Each of the handlers can have unique logic associated with them, making the charm file long and hard to navigate.

On the other hand, by splitting the handlers into different files through the observer pattern, the main charm.py file becomes easy to understand.

# charm.py

import ops

class HelloWorldCharm(ops.CharmBase):
    def __init__(*args):
        super().__init__(*args):
        self.database = DatabaseObserver(self, self.state)
        self.agent = AgentObserver(self, self.state)

And all the handlers are registered within the scope of each observer.

# database.py

import ops
from state import State

class DatabaseObserver(ops.Object):
    def __init__(charm: ops.CharmBase, state: State, pebble_service: PebbleService)
        super().__init__(charm, "database-observer")
        self._pebble_service = pebble_service
        self.framework.observe(self.on["database"]_relation_joined, self._on_database_relation_joined)
        self.framework.observe(self.on["database"]_relation_changed, self._on_database_relation_changed)

    def _on_database_relation_joined(self, event: ops.RelationJoinedEvent):
        # Do things related to database relation joined
        # Delegate to pebble
        self._pebble_service.reconcile()

# agent.py
class AgentObserver(ops.Object):
    def __init__(charm: ops.CharmBase, state: State, pebble_service: PebbleService)
        super().__init__(charm, "agent-observer")
        self._pebble_service = pebble_service
        self.framework.observe(self.on["agent"]_relation_joined, self._on_agent_relation_joined)

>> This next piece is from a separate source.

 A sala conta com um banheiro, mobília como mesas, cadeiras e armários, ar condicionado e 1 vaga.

    def _on_agent_relation_joined(self, event: RelationJoinedEvent):
        # Do things specific to agent relation joined
        # Delegate to pebble
        self._pebble_service.reconcile()

For charms with many integrations, this pattern can help improve readability greatly.

The Benefits of the Observer Pattern

The main advantage of using the observer pattern is to help split code into manageable bits. The other intended effect for development is to be more surgical about the charm code we write per event handler. Rather than writing a charm with a big reconcile function that takes all and does all, each handler can now target the exact operations that are intended by the event trigger and delegate to pebble only after the unique operation has taken place.

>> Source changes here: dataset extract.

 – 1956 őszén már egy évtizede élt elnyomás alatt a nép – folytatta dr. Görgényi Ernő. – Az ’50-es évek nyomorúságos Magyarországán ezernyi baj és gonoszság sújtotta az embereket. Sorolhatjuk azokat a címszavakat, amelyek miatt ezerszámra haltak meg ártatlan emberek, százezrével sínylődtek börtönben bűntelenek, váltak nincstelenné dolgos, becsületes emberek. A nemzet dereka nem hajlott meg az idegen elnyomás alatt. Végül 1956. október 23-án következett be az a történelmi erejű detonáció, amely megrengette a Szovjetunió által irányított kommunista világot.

Limits of the Observer Pattern

The observer pattern isn’t quite suitable for charms that do not have clear separation between different logical components of the charm. For example, when writing to a global configuration file, it isn’t quite suitable to try to wrap both observers into a single one.

Class DatabaseObserver:
    def on_database_changed(self, event: ops.RelationChangedEvent):
        write_to_config(self.state.database, self.state.agent)

Class AgentObserver:
    def on_agent_changed(self, event: ops.RelationChangedEvent):
        write_to_config(self.state.database, self.state.agent)

In the example above, both of them write to the same configuration and the configuration depends on both the agent and the database. It is less sensible to differentiate between them.

Use of Enumerations

In some cases a variable can take on a distinct set of values, such as the outcome of an operation could be success, failure and skipped. Python has a few ways this can be implemented, including the enum module and the Literal type. Enumerations should be used because the team has an existing way that descriptions of the options will be enforced by the docstring tooling.

Further Information

Spec on how to use pydantic for the charm state (not publicly available): DA016 - Charmed Structured Configuration
Spec on unit testing best practices (not publicly available): OP032 - Best practices for unit testing
Prototype of scenario-based testing backend for externalized State monolith

ppasotti · 13 October 2023 06:53

Huh, I didn’t know you published this one! Good to see it in the open

Also like the addition of the observer pattern, interesting thought. Will try that out.